Из глаз Жрицы, которые уже не могли плакать, хлынули слезы. Настоящие. Горячие, соленые, неконтролируемые и безутешные. Они были не золотыми и не идеальными, а мутными, смешанными с пеплом и болью, и жгли ей щеки. Она зарыдала. Судорожно, с хрипами и всхлипами, содрогаясь всем телом, как будто ее тошнило собственной, только что обретенной душой.

И каждая слеза, падая на берег Ручья Истинных Снов, творила чудо. Неконтролируемое, дикое и буйное. Из земли взрывались побеги не просто цветов, а целых экосистем: папоротники, которых не было в Лесу тысячи лет, алые лианы с запахом спелых волшебных фруктов, голубые мхи, светящиеся изнутри мягким светом. Воздух наполнился гулом невиданных насекомых и пением забытых птиц. Берег за несколько мгновений превратился в безумный, райский сад, где каждое растение билось в упоении жизнью, споря с соседом за место под солнцем.

Это была не магия Жизни как долга, а сама Жизнь как восстание из пепла. Как ответ на отчаяние, прорвавшийся из Нави. Как доказательство, что даже в мертвой пустыне может родиться лес, если в нее упадет хоть одна по-настоящему живая, горькая и исцеляющая слеза.

Лели рыдала, захлебываясь собственным воскрешением, а вокруг нее, под ногами и над головой, бушевала, цвела и пела та самая Явь, которую она едва не предала вечному, безмолвному покою.

Глотая свои живительные слезы, она запела. Надрывно и горько.

«Любовь – это боль! И она беспощадна!

Она выжигает огонь в пепелище…

И не заглушить голос сердца прощанием,

Когда две души искупления ищут.

Любовь – это меч, что отлит в кузне боли!

И ярость-палач рубит им наши души.

А мы подчиняемся злой его воле.

Своими руками любовь свою душим…»

Глава 5

«Первый Закон Разлома: Связь, натянутая до звона, рвется не в тишине. Она рвется в крике, который эхом отражается в обоих концах».

– постулат из «Книги Швов», известной лишь Сеземам и древнейшим духам Праседам.

Приказ Мораны был вбит в его сознание, как гвоздь из черного льда, и звенел с каждым ударом пустоты, что он теперь называл своим сердцем.

«Иди туда, где кончается порядок.
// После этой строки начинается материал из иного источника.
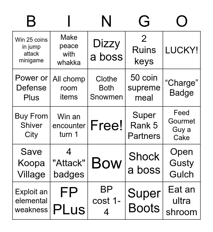 This bingo card has a free space and 87 words: Kooper, Bombette, Bow, Watt, Sushi, Lakilester, Beat Buzzar, Beat Blooper, Beat Electro Blooper, Beat Super Blooper, Switch Bridge #2, Open Dry Dry Ruins, Open Gusty Gulch, Feed Gourmet Guy a Cake, Ralph Cutscene, Clothe Both Snowmen, Buy from shroom grocery, Buy from Harry’s shop, Buy from Koopa Village, Buy from Dry Dry Outpost, Buy from Boo’s Mansion, Buy from Yoshi’s island, Buy From Shiver City, Trade with Merlow, Super Boots, Super Hammer, Repair all Toy Train Tracks, Save all yoshis, Feed the Well creature any berry, Feed two flowers (correctly), FP PLus, HP PLus, FP Plus and HP Plus, 4 "Attack" badges, Power or Defense Plus, danger/peril Mario Badge, “Charge” Badge, "Power” badge, Beat a chapter, Win an encounter turn 1, Sell an item for at least 60 coins, Buy an item for at least 30 coins, Beat Up Kent, Super Rank 5 Partners, Kill an enemy out of combat, LUCKY!, Hit for more than 7 in one hit, Make peace with whakka, Deliver three letters, Buy 8 Rip Cheato items, Beat Jr. in the Harbor or the Forever Forest., Beat Fuzzipede, Save Koopa Village, Beat Dojo Master 1, Hold 15 star pieces, Give Moustafa a lemon, 50 coin supreme meal, 2 fortress keys, 2 tubba keys, 2 Ruins keys, All chomp room items, Defeat an amazee dayzee, Action command a monstar attack, Both boo ring games, Talk to a clubba, Kill a fire bar, Reshell 4 koopas, Exploit an elemental weakness, Eat an ultra shroom, Buy 1 of everything from a shop., 5 lil oinks, Sleep a boss, Dizzy a boss, Shock a boss, Stop a boss, Slot machine “win”, Use a terrain feature in combat, BP cost 1-4, BP cost 5-8, Max hp 20+, Max Fp 20+, 2 “smash” badges, 2 “jump” badges, 2 “stomp” badges, 3 0 cost badges, Win 25 coins in jump attack minigame and Win 25 coins in smash attack minigame.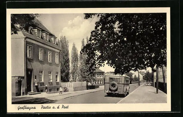 AK Grosskayna, Partie an der Post mit Automobil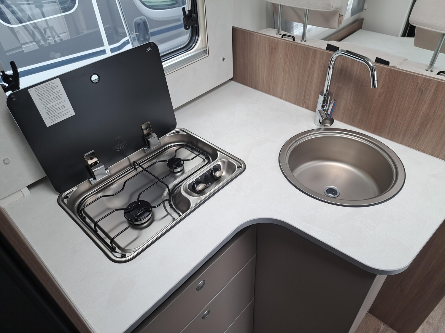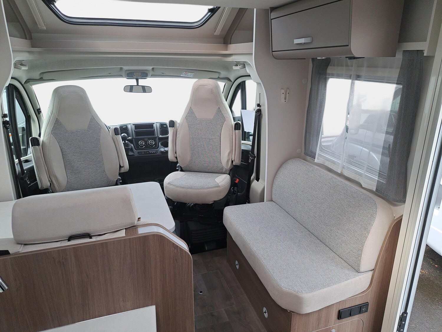 - Pro+ Paket (Optik Paket 1, Optik Paket 2, Chassisfarbe Artense Grau Metallic, Basic Paket, Faltverdunkelung Fahrerhaus, Fenster in Fronthaube, Großer Kühlschrank 156 l mit separatem Frosterfach 29 l, Abwassertank isoliert, Markise 4,5 m, TV Paket, Rahmenfenster, Design Applikation Heck, Zweite Außenstauraumklappe, Beklebung pro+)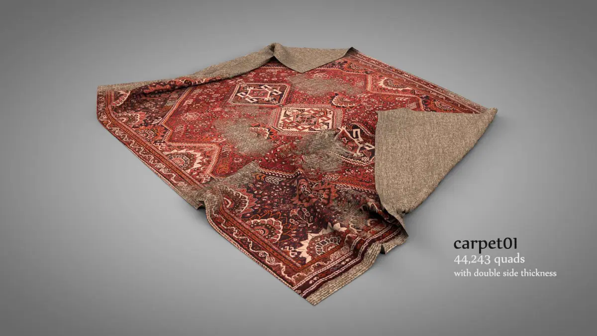 rugs.BLEND is the main file for Blender users. All objects in the scene together, no separations. This needs TEX folder for texturing.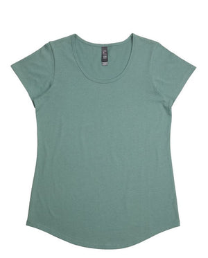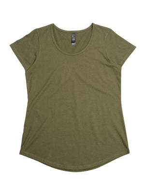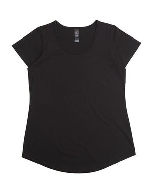 This 100% combed cotton T-shirt is a contemporary choice. Its scoop neckline and curved hem contour to the curves of your body ensuring a soft and flattering fit.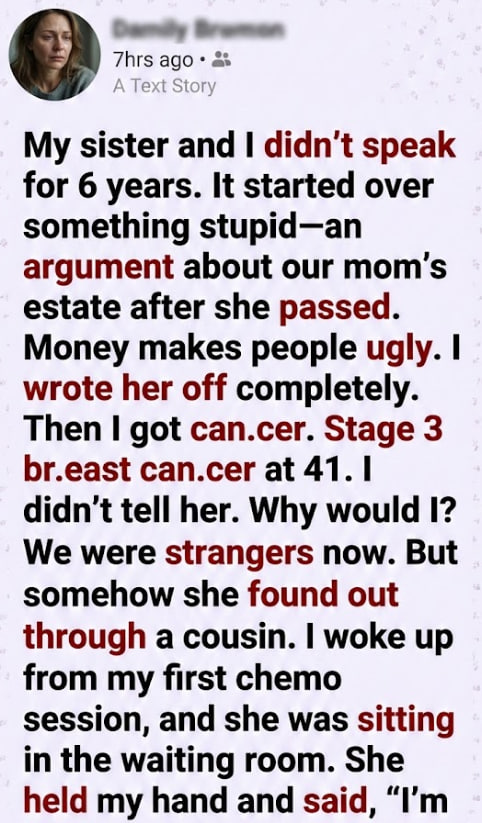 She sat hunched forward in a waiting chair, hair pulled back the same way she wore it as a child when we were late for school. Her eyes were red and swollen. She looked hollowed out in a way that spoke of more than lost sleep.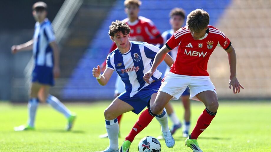 Acaba a partida no Estádio Municipal Dr. Jorge Sampaio! Depois de uma primeira parte sem muitas oportunidades, o regresso dos balneários trouxe cinco golos ao clássico e emoção até ao fim. O FC Porto reentrou com o pé a fundo no acelerador, e em três minutos marcou dois golos através de Tcherno Jamanca (51’) e Francisco Ferreira (54’). O Benfica reduziu aos 65 minutos por Tomás Almeida, deixando o jogo em aberto... até aos azuis e brancos voltarem a ampliar, desta feita por João Tavares que tinha acabado de entrar. A compensação trouxe calafrios para a equipa da casa que acabou a sofrer: Hugo Gomes fez o 3-2 aos 90’ + 5, e uma bola à barra no último minuto ia dando o empate ao Benfica, mas acabou com triunfo dos dragões.

Ищи корень Обряда в беспределе, который ему предшествовал».

Это было не поручение, а изгнание из холодного, но знакомого ада архивов – в преисподнюю дикую, первозданную и… дышащую.

Ворон пролетел Врата Молчания – арку из сросшихся ребер Немодрев, вековых старейшин, забытых еще до появления богов. И Чертоги Забвенных Летописей остались позади. То, что открылось перед ним, не имело ни пола, ни потолка, ни стен.

Степь Ветров Забвения раскинулась под небом цвета обсидиана, где вместо звезд зияли старые, незаживающие раны реальности. Здесь дули Забыватели – ветра, невидимые, вечно голодные духи, чье прикосновение стирало сам смысл вещей. Они не оставляли пустоты – лишь чудовищную полноту непонимания.

Помятун видел, как один из таких вихрей коснулся плывущего вдалеке призрака-скитальца. Тот не закричал. Он просто остановился, и его форма, прежде схожая с человеком, стала просто… скоплением чего-то неизвестного. Не камней и не плоти – просто «нечто». И скиталец застыл, навеки запертый в пытке осознания, что он есть, но никак не разберется, кто он и зачем здесь.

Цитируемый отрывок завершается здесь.